The Partitioned Global Address Space (PGAS) models bring together the best features of the shared memory programming model and the message passing model. While providing simple operations for one-sided communication, they expose the data distribution information to the applications for them to exploit locality. Though these models provide an efficient interface, their performance largely depends on how their implementations efficiently exploit the features provided by the underlying systems. Some of these implementations use other run-time systems to provide them the abstraction for remote memory access (RMA) operations. In such cases, the API that the run-time system exposes and its implementation play a crucial role in the overall performance of the PGAS model. This work focuses on Global Arrays, a library based PGAS model, and its run-time system, namely ARMCI, on the Blue Gene/P. First, the various features offered by the BG/P system and its low level communication API, DCMF, were explored and evaluated using micro-benchmarks. The impact of shared system resources on performance was studied at scale. Then, the limitations of the interface and implementation of the current AMRCI run-time were analyzed. Finally, the A1 library, a super-set of ARMCI, was designed, providing API that would allow Global Arrays to take advantage of the features and performance offered by the underlying system.

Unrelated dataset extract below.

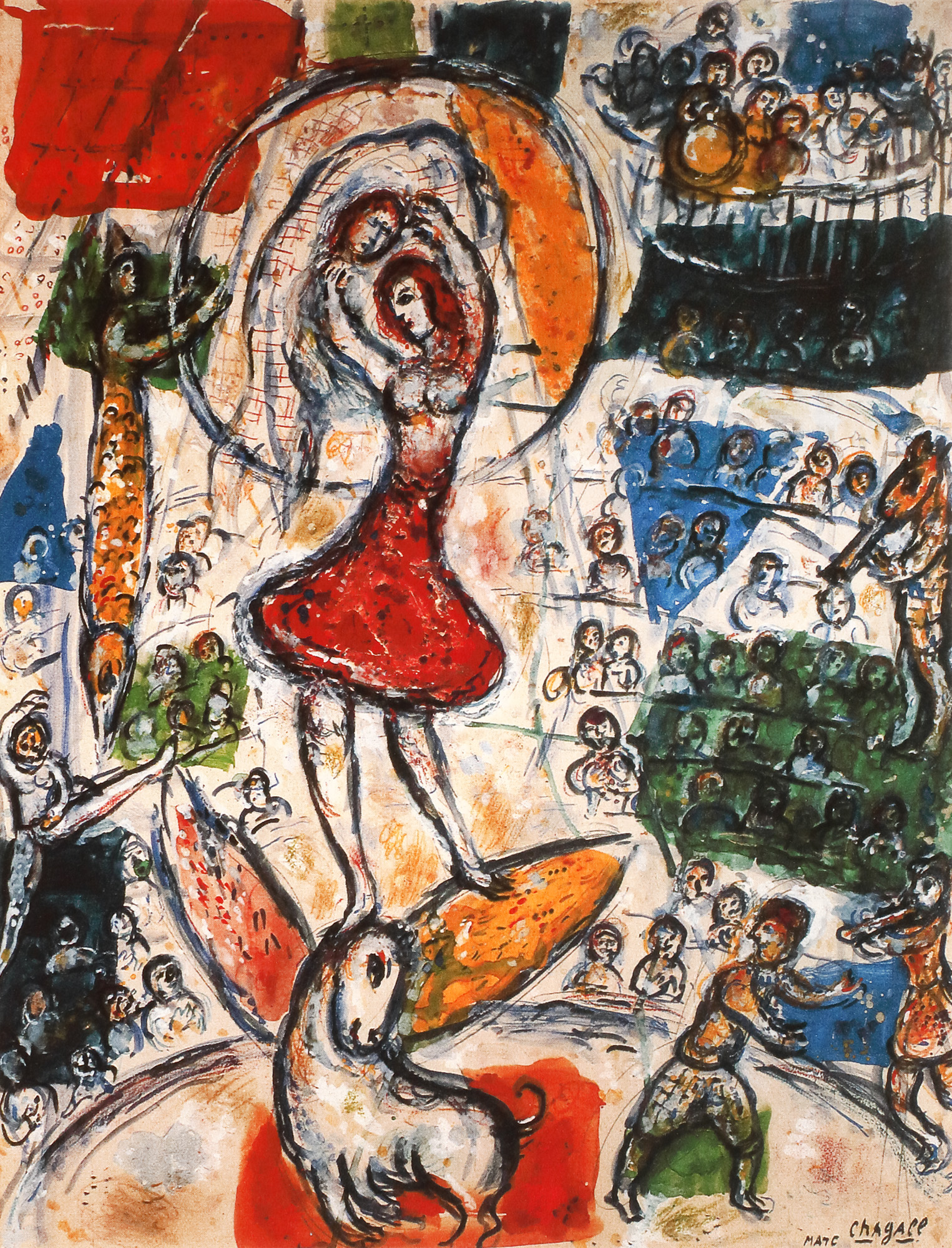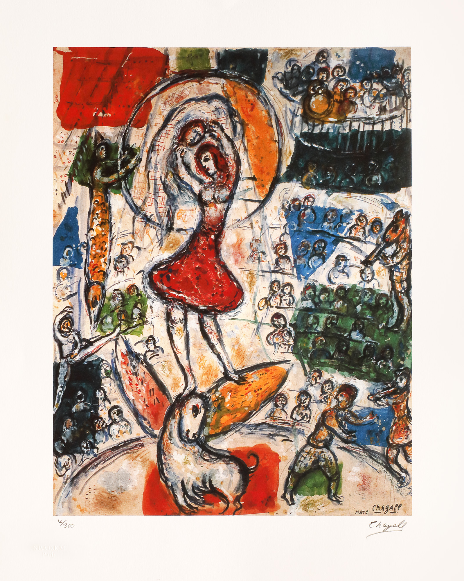 semnat dublu dreapta jos, sub cadru, ”Chagall”; numerotat stânga jos, sub cadru, ”12/300”; stânga jos, ștampila editurii, ”SPADEM Paris”

Biography: Sreeram Potluri is a Graduate Student in the Department of Computer Science and Engineering at The Ohio State University. He is a member of the Network-Based Computing Laboratory lead by Dr. D. K. Panda. He had received his Bachelors degree in Computer Science and Engineering from the Jawaharlal Nehru Technological University, Hyderabad, India. His research interests include high speed interconnects, parallel programming models and high-end computing applications. His recent work includes optimizing AWP-ODC, a widely used seismic modeling application, using MPI-1 Non-blocking and MPI-2 RMA semantics on large scale InfiniBand clusters. This work was published at ICS'10 and is part of the application's entry as a finalist for the 2010 Gordon Bell Prize. Sreeram is involved in the design and development of MVAPICH2, an open-source high-performance implementation of MPI-2 over InfiniBand and 10GigE/iWARP. This software is currently used by over 1,100 organizations in 56 countries.